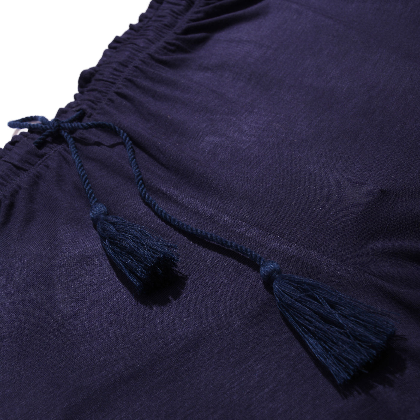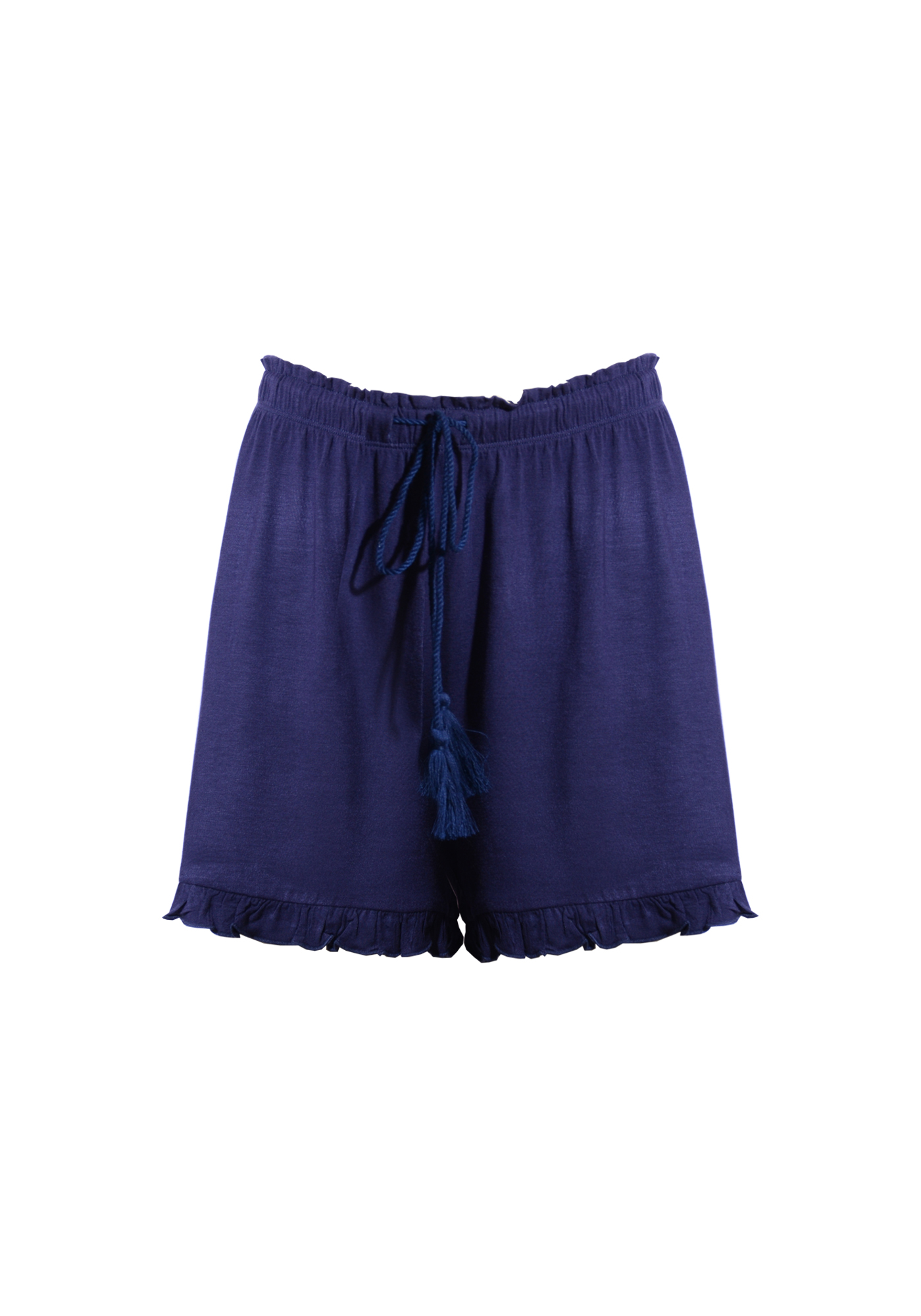 Lettuce Trim Drawstring Waist Sleep, Ruffle Hem Shorts
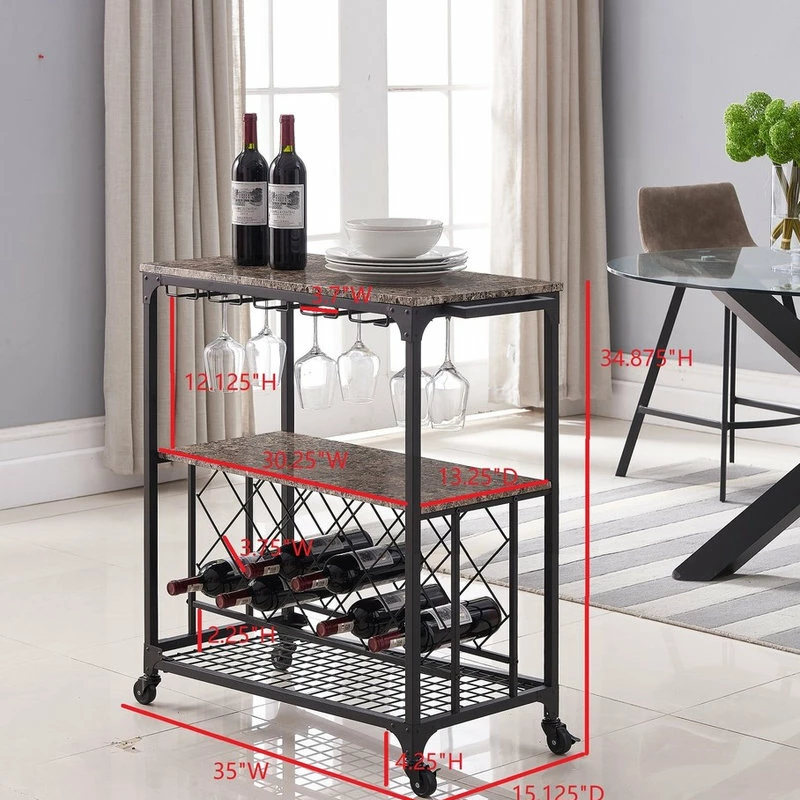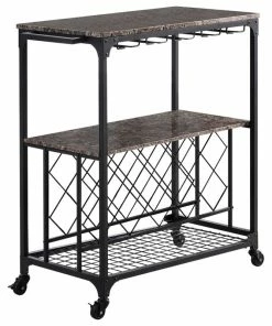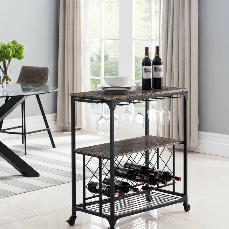 Cologne Kitchen Island Serving Cart, Black Metal Frame & Marble Wood, With Storage Shelves, Wine Rack, Wine Glass Holders, Towel Rack & Wheels, Transitional. Take function and aesthetics to dazzling new heights with this Cologne kitchen cart. Crafted from metal with a faux marble top, this product is equipped with wine glass holders, shelf and wine rack for optimal storage, as well as a practical side towel bar and wheels. Boasting sleek lines and a modern silhouette, the black Cologne Kitchen Island Serving Cart succeeds in offering a fresh reinterpretation of a transitional design.
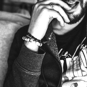 In this image, Mr. Rachel, a 32-year-old individual, is captured in a moment of contemplation. He's comfortably seated on a couch, his hand resting thoughtfully on his chin, suggesting deep concentration or analysis. His attire consists of a casual gray hoodie and a laid-back hairstyle. On his wrist, you can spot a subtle bracelet, adding to the relaxed vibe of the scene.
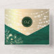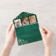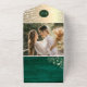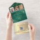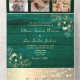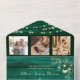 Célébrez votre amour avec notre élégante faire-part de mariage tout en un d'inspiration campagnarde. Doté d'une combinaison époustouflante d'or et de bois rustique aux accents vert émeraude, ce design est orné de lampes à cordes et de dentelle fleurie boho vintage. Personnalisez-le avec quatre photos personnalisées du couple, et incluez votre site web et code QR pour RSVP et des détails supplémentaires.
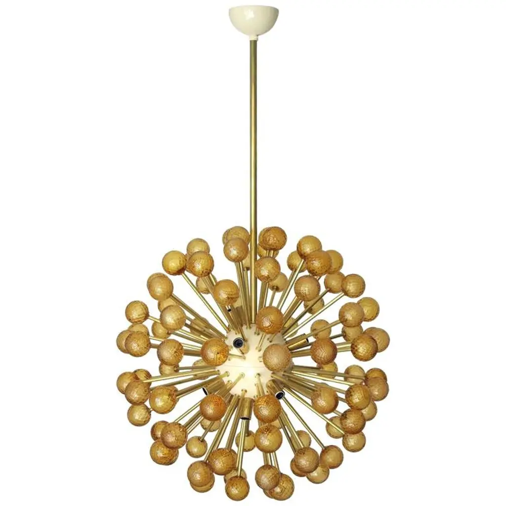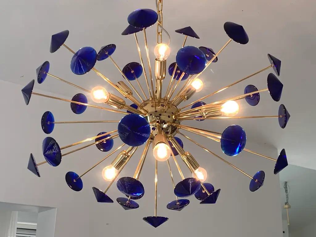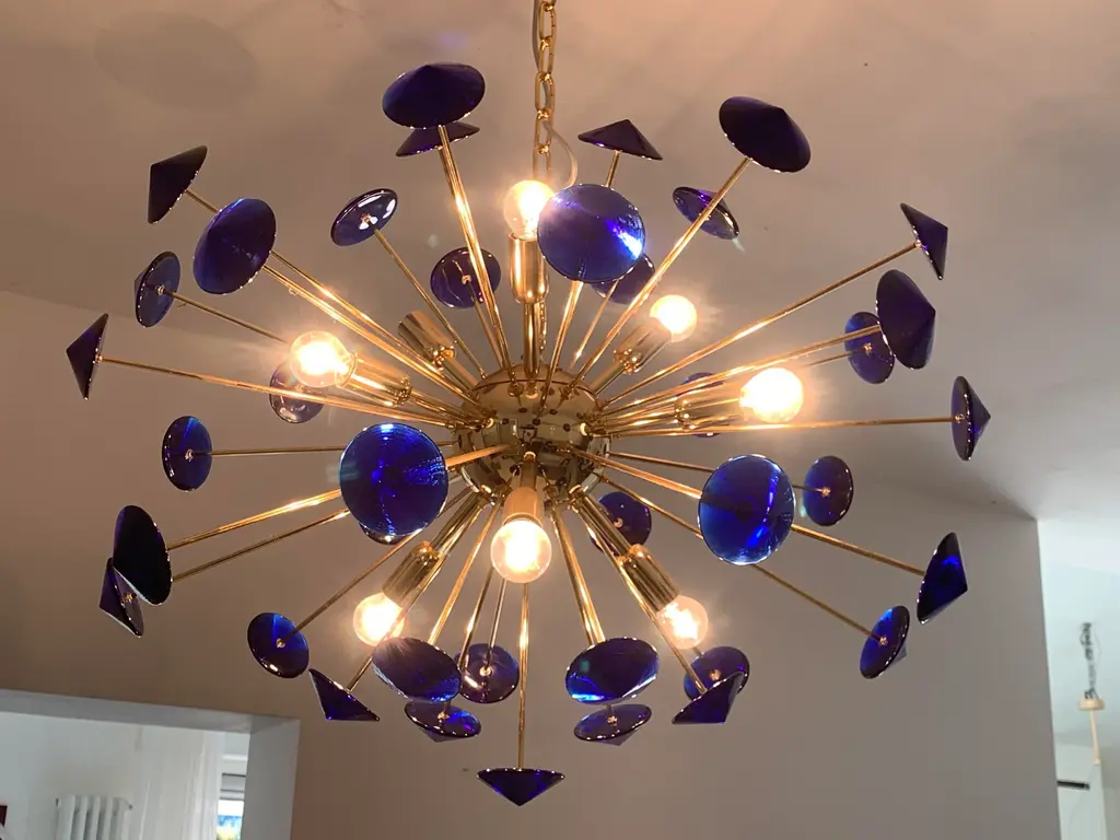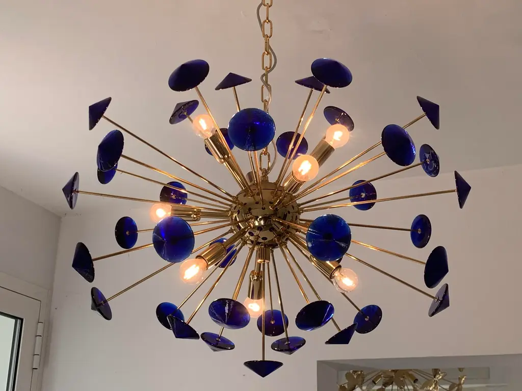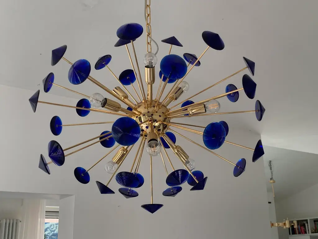 Impressive Murano Glass Sputnik Chandelier With Gold metal frame and blue color All drops are blue vintage glass from Murano . Diameter 80 cm = 31.5" Height only chandelier 60 cm = 23.6" 9 bulbs (bulbs not included) metal frame in gold 24K Spare parts murano glass included Ship from Italy and the sputnik murano glass is wire for USA
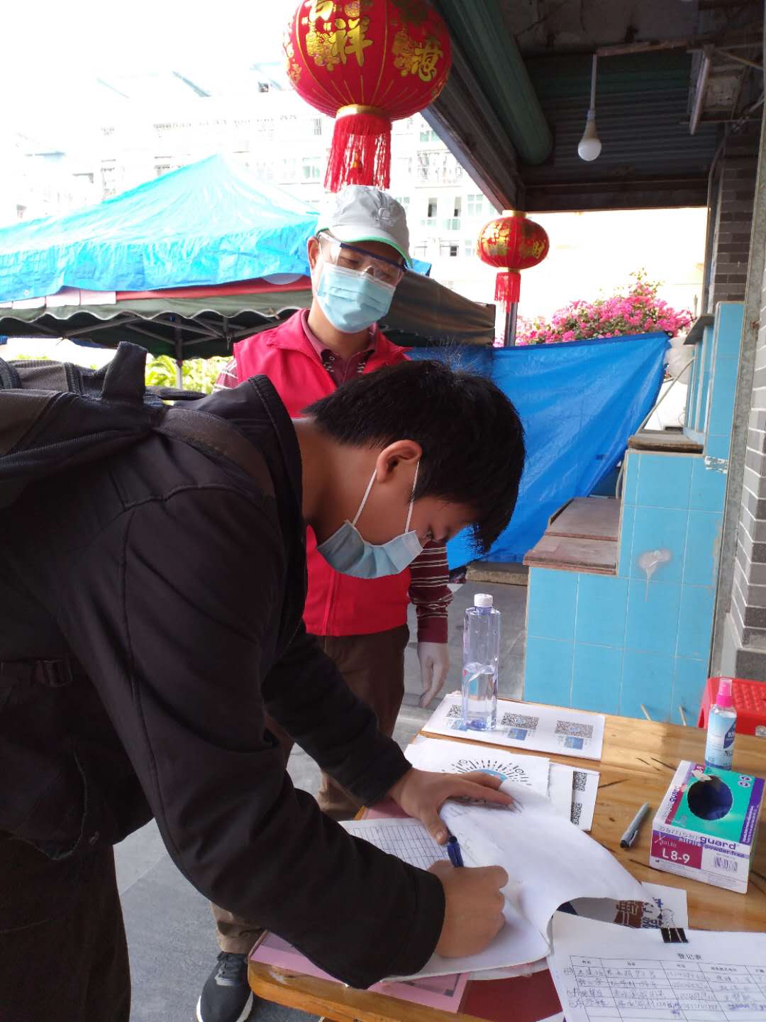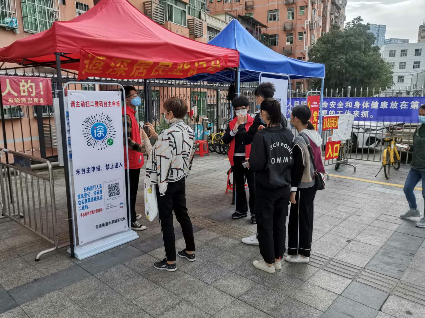 社區(qū)門(mén)口的卡點(diǎn)防控是最繁瑣,也是最辛苦的工作之一,每天重復(fù)著相同的工作,但這也是最重要的工作之一。銀湖、梧桐山、花場(chǎng)、東曉、草埔東社區(qū)繼續(xù)做好返深人員信息登記,掃碼核查返深人員近14天行程測(cè)量體溫,檢查出入二維碼或出入證并引導(dǎo)未申人員自主申報(bào)“深i您”信息,并做好疫情防控宣傳工作。

----------------

• [What is being asked] Repeat every record exactly, but not the pictures.

• [Answer]
 Lettuce Trim Drawstring Waist Sleep, Ruffle Hem Shorts
 Cologne Kitchen Island Serving Cart, Black Metal Frame & Marble Wood, With Storage Shelves, Wine Rack, Wine Glass Holders, Towel Rack & Wheels, Transitional. Take function and aesthetics to dazzling new heights with this Cologne kitchen cart. Crafted from metal with a faux marble top, this product is equipped with wine glass holders, shelf and wine rack for optimal storage, as well as a practical side towel bar and wheels. Boasting sleek lines and a modern silhouette, the black Cologne Kitchen Island Serving Cart succeeds in offering a fresh reinterpretation of a transitional design.
 In this image, Mr. Rachel, a 32-year-old individual, is captured in a moment of contemplation. He's comfortably seated on a couch, his hand resting thoughtfully on his chin, suggesting deep concentration or analysis. His attire consists of a casual gray hoodie and a laid-back hairstyle. On his wrist, you can spot a subtle bracelet, adding to the relaxed vibe of the scene.
 Célébrez votre amour avec notre élégante faire-part de mariage tout en un d'inspiration campagnarde. Doté d'une combinaison époustouflante d'or et de bois rustique aux accents vert émeraude, ce design est orné de lampes à cordes et de dentelle fleurie boho vintage. Personnalisez-le avec quatre photos personnalisées du couple, et incluez votre site web et code QR pour RSVP et des détails supplémentaires.
 Impressive Murano Glass Sputnik Chandelier With Gold metal frame and blue color All drops are blue vintage glass from Murano . Diameter 80 cm = 31.5" Height only chandelier 60 cm = 23.6" 9 bulbs (bulbs not included) metal frame in gold 24K Spare parts murano glass included Ship from Italy and the sputnik murano glass is wire for USA
 社區(qū)門(mén)口的卡點(diǎn)防控是最繁瑣,也是最辛苦的工作之一,每天重復(fù)著相同的工作,但這也是最重要的工作之一。銀湖、梧桐山、花場(chǎng)、東曉、草埔東社區(qū)繼續(xù)做好返深人員信息登記,掃碼核查返深人員近14天行程測(cè)量體溫,檢查出入二維碼或出入證并引導(dǎo)未申人員自主申報(bào)“深i您”信息,并做好疫情防控宣傳工作。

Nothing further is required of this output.